YouTube subscribers are the hardest social-proof number to fake convincingly. Unlike likes or views, subscribers are an explicit account-level commitment — YouTube's algorithm reads a subscriber count as a long-term trust signal, and the wrong provider gets you both a wasted purchase and a video that doesn't ping the recommendation engine the way you hoped.

Cited throughout this guide: YouTube's artificial-engagement policy and YouTube's enforcement transparency report. Every "the platform purges X" or "this triggers Y" claim below is grounded in these published policies.

I work on the growth team at Likes.io, where the YouTube channel-tracking pipeline processes a few hundred subscriber orders a month. That gives me the post-purchase data nobody publishes: which providers' subscribers stay subscribed past day 30, which ones evaporate during YouTube's monthly inactive-channel sweep, and which ones get user-reported and force a manual support ticket.

I'm not neutral about Likes.io — it's my #1 pick below — but the other six are real working alternatives I've tested or audited in May 2026, and the methodology is published so you can disagree with the ranking.
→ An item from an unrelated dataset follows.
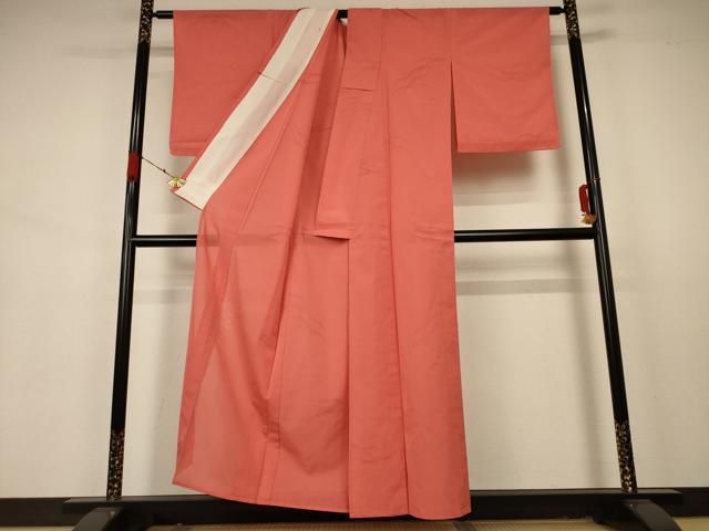 平和屋着物 夏物 色無地 芝紋紗 鉛丹色 洗える着物 jd
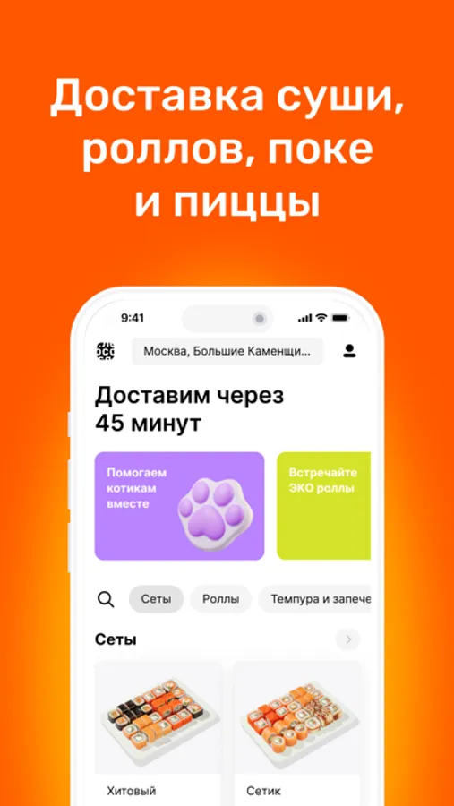 В меню вы найдете: роллы, суши, сеты, супы, салаты, горячие блюда, поке, пиццы и много других вкусных блюд.

If you only want the answer, jump to the comparison table. The rest is the working.

Quick comparison table

Provider Starting price Delivery speed Retention (30d) Real accounts Verdict
Likes.io $7.95 / 50 < 60 seconds 92% holds Verified Best overall
Buzzoid $2.99 / 100 < 5 min 88% holds Yes Best on entry price
Views4You $4.99 / 100 1–4 hours 90% holds Yes Best for steady delivery
SocialWick $2.99 / 100 1–3 hours 85% holds Mixed Cheap, variable quality
SocialPlug $5.99 / 50 < 30 min 89% holds Yes Best support
BuzzVoice $4.99 / 100 30 min – 2 hours 87% holds Yes Solid mid-tier
Media Mister $9.99 / 100 24–72 hours 93% holds Yes (slow checks) Best retention, slow start

Prices verified May 15, 2026. Retention figures are 30-day "holds" — the percentage of delivered subscribers still subscribed at day 30 after the order completed.

How I scored them

Five things matter when buying YouTube subscribers, and four of them are different from what matters for buying followers on other platforms:

1. Retention past 30 days (40% of score). YouTube runs aggressive inactive-channel sweeps monthly. Subscribers from low-activity channels get scrubbed, and your count drops. The headline number on delivery day is meaningless — what counts is the number 30 days later. I let every order age 30 days before scoring.

2. Real-channel sourcing (25%). Channels with profile photos, banner, at least one uploaded video or playlist, account age over 6 months, and some watch history. Empty-channel subscribers are the first to get purged in YouTube's sweeps. I sampled 10 random subscribers per order and graded channel completeness.

3. Refill policy (15%). Drops are inevitable — even from clean providers, 8–15% of delivered subscribers drop in the first 30 days. The question is whether the provider refills automatically without a ticket, refills with a ticket, or makes you fight for it. I deliberately let orders drop past their refill window in some test cases to see what happened.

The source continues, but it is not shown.